→ Records shown:
• • • •

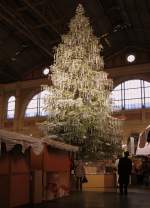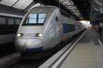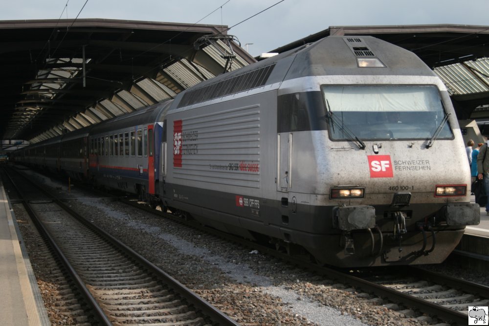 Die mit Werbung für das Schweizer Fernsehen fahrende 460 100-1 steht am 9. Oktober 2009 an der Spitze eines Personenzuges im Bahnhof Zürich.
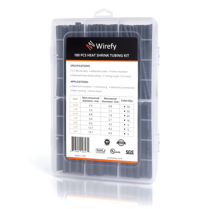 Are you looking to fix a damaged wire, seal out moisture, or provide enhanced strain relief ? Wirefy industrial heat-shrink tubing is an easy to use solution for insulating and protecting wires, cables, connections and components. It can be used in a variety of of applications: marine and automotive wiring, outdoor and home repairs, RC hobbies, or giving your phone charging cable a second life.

• • • •

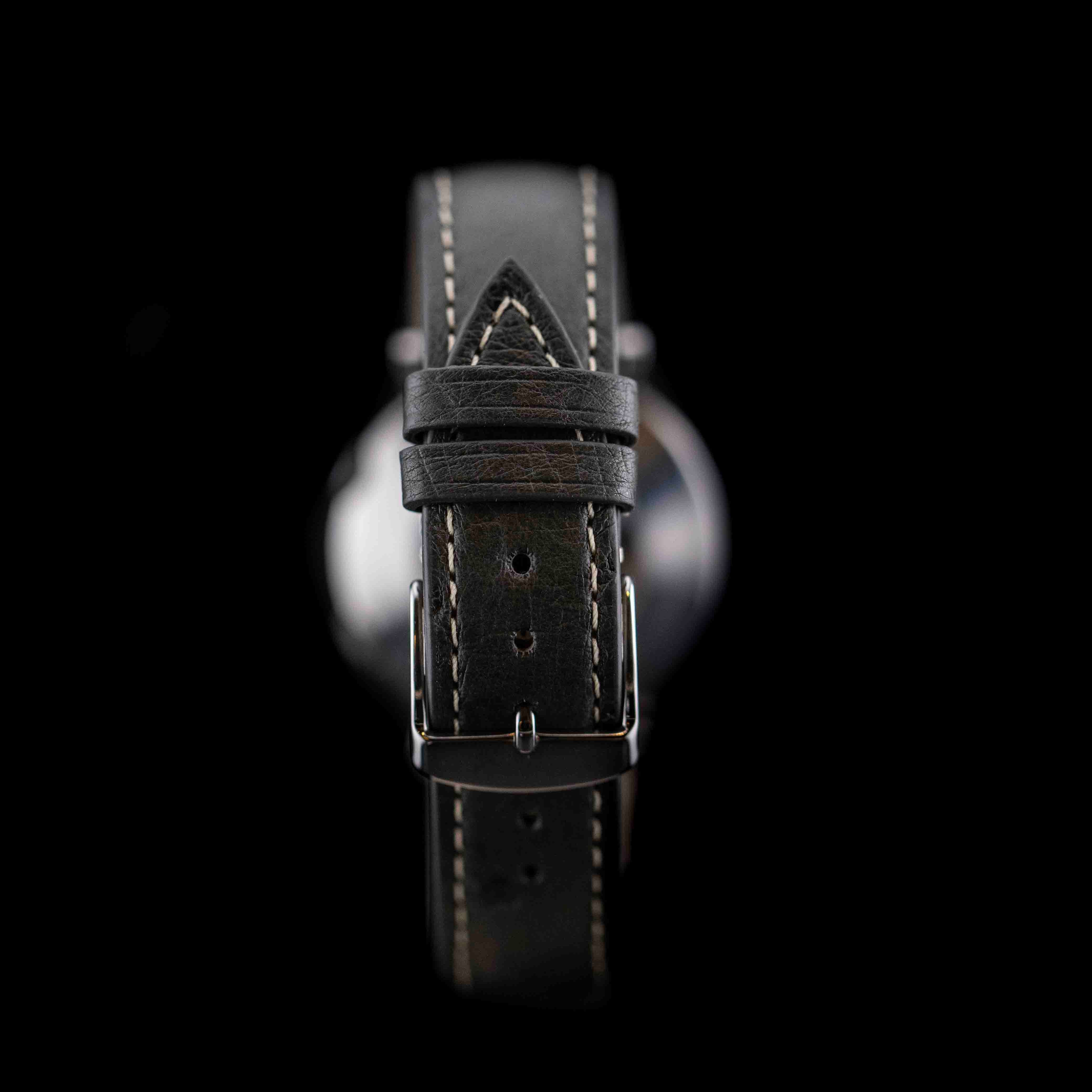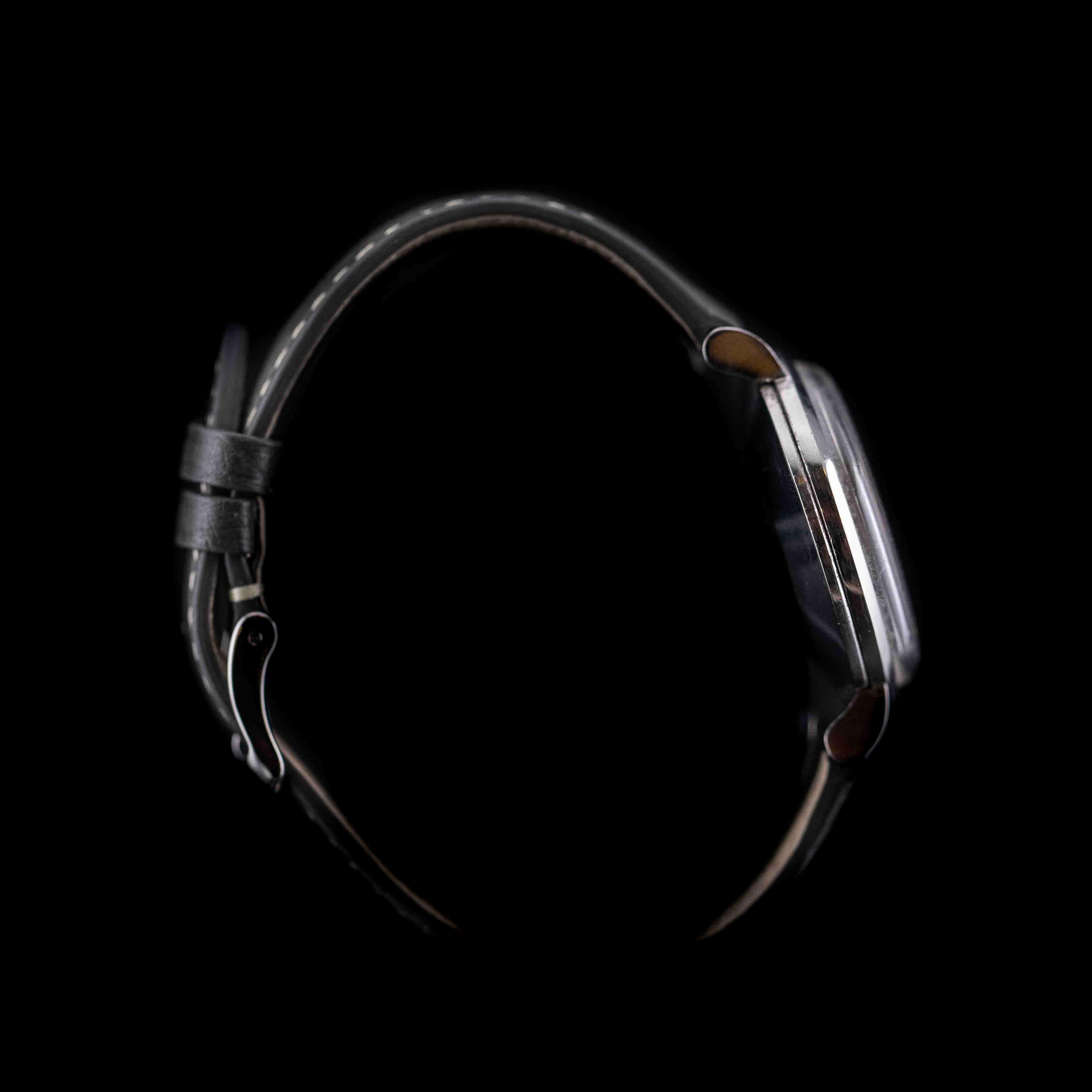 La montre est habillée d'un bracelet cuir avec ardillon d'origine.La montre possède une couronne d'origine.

• • • •

→ About this exercise: Would you restate, exactly and with no pictures, the lines of the entries above from the one containing "Die mit Werbung" through the one containing "Are you looking"?

→ Solution to this exercise:
 Die mit Werbung für das Schweizer Fernsehen fahrende 460 100-1 steht am 9. Oktober 2009 an der Spitze eines Personenzuges im Bahnhof Zürich.
 Are you looking to fix a damaged wire, seal out moisture, or provide enhanced strain relief ? Wirefy industrial heat-shrink tubing is an easy to use solution for insulating and protecting wires, cables, connections and components. It can be used in a variety of of applications: marine and automotive wiring, outdoor and home repairs, RC hobbies, or giving your phone charging cable a second life.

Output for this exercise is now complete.